Die Untersuchung ergab auch, dass ABP ein Büro in Peking mit London & Partners teilte, der Agentur des Bürgermeisters für die Gewinnung ausländischer Investitionen, die ein „Stakeholder“ im Beschaffungsprozess war. London & Partners bestätigte, dass es für einen bestimmten Zeitraum Büros mit ABP teilte, sagte jedoch, dass dies nur aus logistischen Gründen sei, und bestritt, eine Rolle bei der Entscheidung zu spielen, wer den Royal Albert Dock-Vertrag erhielt. ABP bestritt jegliche Behauptungen der Unangemessenheit und sagte, es habe ein „robustes und gründliches“ Ausschreibungsverfahren durchlaufen.

Logos sind auf Bautafeln außerhalb einer gemeinsamen Geschäftsentwicklung am sanierten Royal Albert Dock abgebildet
“Das Ganze war eine Katastrophe.” Foto: Daniel Leal-Olivas/AFP/Getty Images

Unabhängig davon, heißt es in dem Bericht, scheint die in China geborene Ehefrau eines Juniorministers des Innenministeriums eine Rolle bei der Unterstützung der Bewerbung gespielt zu haben, während sie gleichzeitig beträchtliche Summen an die Konservative Partei gespendet hat. Dem Programm zufolge hatte Xuelin Bates, ein Immobilienentwickler, der 2012 den Tory-Peer Lord (Michael) Bates heiratete, 2008 Gespräche mit Xu Weiping geführt und mindestens eine Reise nach China unternommen, die von der chinesischen Firma bezahlt wurde. Sie gründete auch eine Firma namens London China ABP, löste sie jedoch auf, bevor sie Konten einreichen musste, und hat seit 2010 mehr als 206.000 £ an die Konservativen gespendet.
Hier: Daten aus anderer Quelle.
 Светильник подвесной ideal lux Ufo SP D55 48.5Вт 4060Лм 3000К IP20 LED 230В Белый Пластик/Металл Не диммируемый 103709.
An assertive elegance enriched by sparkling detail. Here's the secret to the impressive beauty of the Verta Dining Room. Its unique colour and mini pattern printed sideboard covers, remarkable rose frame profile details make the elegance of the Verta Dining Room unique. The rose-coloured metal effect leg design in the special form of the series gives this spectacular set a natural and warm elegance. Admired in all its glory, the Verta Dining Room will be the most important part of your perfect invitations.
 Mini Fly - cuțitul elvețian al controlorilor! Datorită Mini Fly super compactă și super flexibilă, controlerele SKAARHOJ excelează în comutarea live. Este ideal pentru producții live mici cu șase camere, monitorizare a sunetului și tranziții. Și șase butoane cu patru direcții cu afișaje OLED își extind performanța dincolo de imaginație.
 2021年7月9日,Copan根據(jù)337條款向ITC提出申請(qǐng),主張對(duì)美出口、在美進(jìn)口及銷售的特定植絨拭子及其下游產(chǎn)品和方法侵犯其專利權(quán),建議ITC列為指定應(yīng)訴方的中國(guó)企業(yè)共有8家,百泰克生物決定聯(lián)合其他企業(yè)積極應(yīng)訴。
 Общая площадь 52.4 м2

Lady Bates sagte, dass alle Spenden, die sie gemacht habe, rein persönlich seien und London China ABP keine Verbindung zu der chinesischen Firma habe, die auch jede Kenntnis oder Beteiligung an ihren Handlungen bestritt.
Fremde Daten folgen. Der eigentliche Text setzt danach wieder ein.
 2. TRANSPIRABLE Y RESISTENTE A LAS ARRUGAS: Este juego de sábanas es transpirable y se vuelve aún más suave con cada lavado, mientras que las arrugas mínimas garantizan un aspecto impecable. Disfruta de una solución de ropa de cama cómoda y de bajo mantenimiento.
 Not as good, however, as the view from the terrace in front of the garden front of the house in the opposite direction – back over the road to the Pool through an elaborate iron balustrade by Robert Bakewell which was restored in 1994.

„Das Ganze war eine Katastrophe“, sagt ein Café-Besitzer in der Nähe, der sich auf eine höhere Besucherfrequenz in den neuen Büros gefreut hatte. „Ich sehe niemanden, der das Projekt mindestens für ein weiteres Jahrzehnt übernimmt.“ Inzwischen hat zumindest London die perfekte menschenleere Filmkulisse, um die nächste Zombie-Büroarbeiter-Apokalypse zu drehen.